= Devise and bequeath =

Property given by will

Part of the will of William Shakespeare, which uses "give, device, and bequeath."

A devise is the act of giving property by will, traditionally referring to real property. A bequest is the act of giving property by will, usually referring to personal property. Today, the two words are often used interchangeably due to their combination in many wills as devise and bequeath, a legal doublet. The phrase give, devise, and bequeath, a legal triplet, has been used for centuries, including the will of William Shakespeare.

The word bequeath is a verb form for the act of making a bequest.

==Etymology==
Bequest comes from Old English becwethan, "to declare or express in words"—cf. "quoth".

== Interpretations ==
Part of the process of probate involves interpreting the instructions in a will. Some wordings that define the scope of a bequest have specific interpretations. "All the estate I own" would involve all of the decedent's possessions at the moment of death.

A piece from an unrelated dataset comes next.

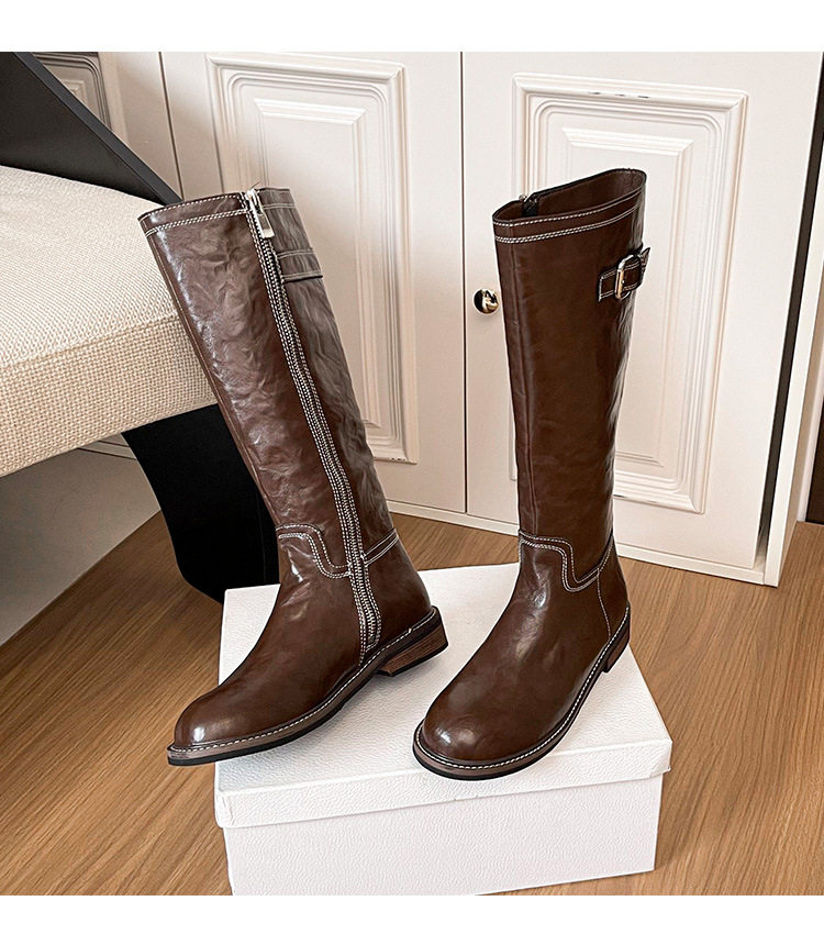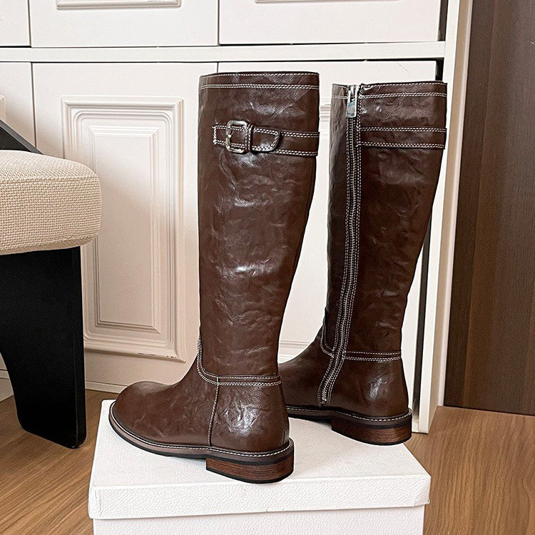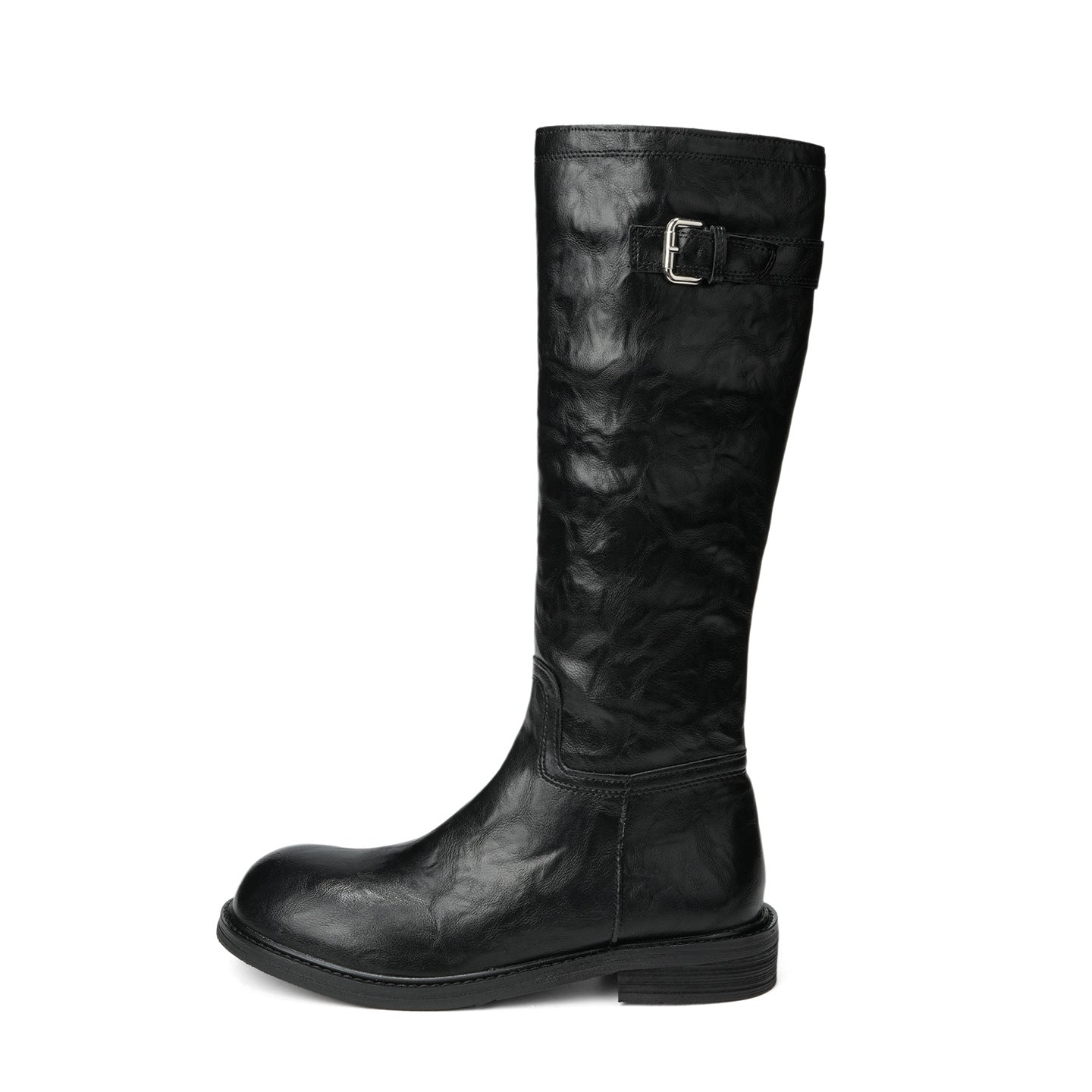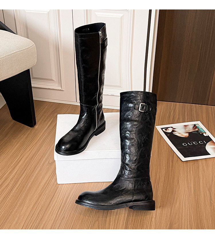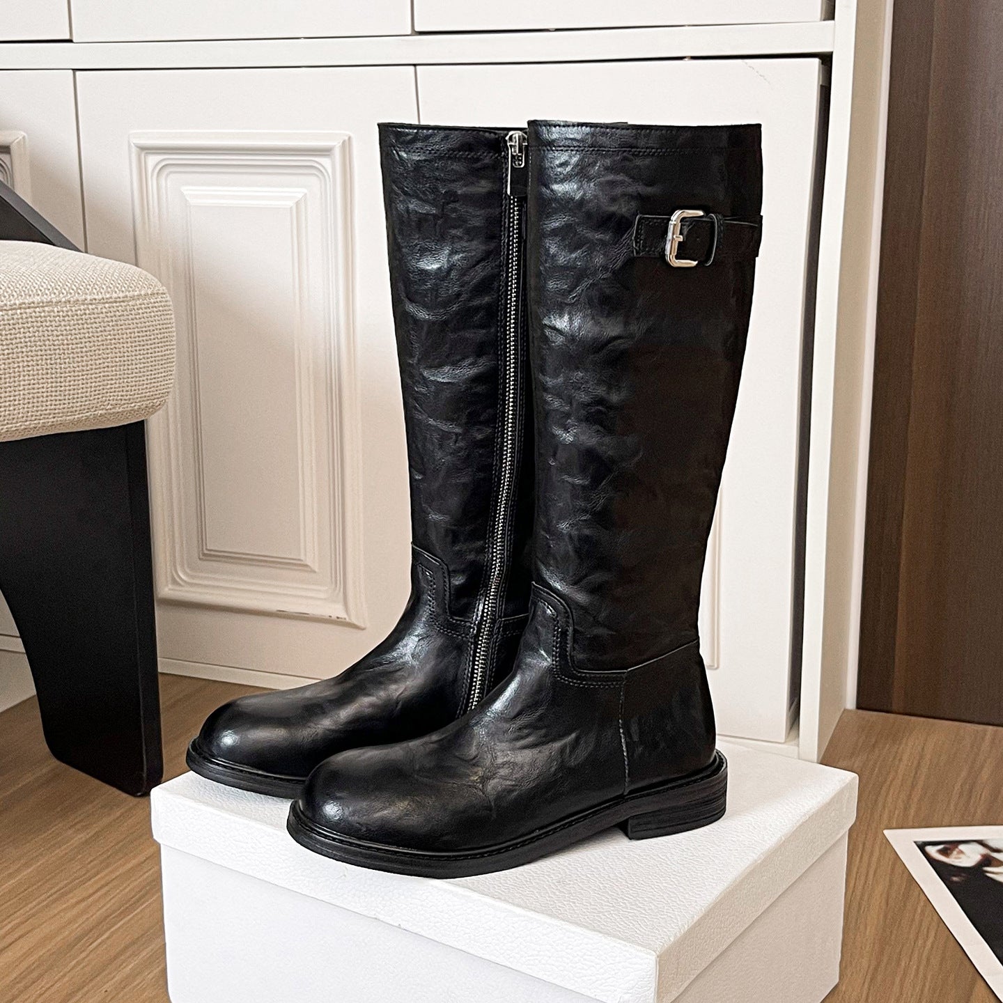 【シューズ】🌟ウォッシュドホースレザー厚底ブーツ💜中筒・長靴 サイドジッパー ベルト付き レディース 秋冬新作

A conditional bequest is a bequest that will be granted only if a particular event has occurred by the time of its operation. For example, a testator might write in the will that "Mary will receive the house held in trust if she is married" or "if she has children," etc.

An executory bequest is a bequest that will be granted only if a particular event occurs in the future. For example, a testator might write in the will that "Mary will receive the house held in a trust set when she marries" or "when she has children".

In some jurisdictions a bequest can also be a deferred payment, as held in Wolder v. Commissioner, which will impact its tax status.

== Explanations ==
In microeconomics, theorists have engaged the issue of bequest from the perspective of consumption theory, in which they seek to explain the phenomenon in terms of a bequest motive.

==Oudh Bequest==

The Oudh Bequest is a waqf which led to the gradual transfer of more than six million rupees from the Indian kingdom of Oudh (Awadh) to the Shia holy cities of Najaf and Karbala between 1850 and 1903. The bequest first reached the cities in 1850. It was distributed by two mujtahids, one from each city. The British later gradually took over the bequest and its distribution; according to scholars, they intended to use it as a "power lever" to influence Iranian ulama and Shia.

==American tax law==
===Recipients===
In order to calculate a taxpayer's income tax obligation, the gross income of the taxpayer must be determined. Under Section 61 of the U.S. Internal Revenue Code gross income is "all income from whatever source derived". On its face, the receipt of a bequest would seemingly fall within gross income and thus be subject to tax. However, in other sections of the code, exceptions are made for a variety of things that do not need to be included in gross income. Section 102(a) of the Code makes an exception for bequests stating that "Gross income does not include the value of property acquired by gift, bequest, or inheritance." In general this means that the value or amount of the bequest does not need to be included in a taxpayer's gross income. This rule is not exclusive, however, and there are some exceptions under Section 102(b) of the code where the amount of value must be included. There is great debate about whether or not bequests should be included in gross income and subject to income taxes; however, there has been some type of exclusion for bequests in every Federal Income Tax Act.

=== Donors ===
One reason that the recipient of a bequest is usually not taxed on the bequest is because the donor may be taxed on it. Donors of bequests may be taxed through other mechanisms such as federal wealth transfer taxes. Wealth Transfer taxes, however, are usually imposed against only the very wealthy.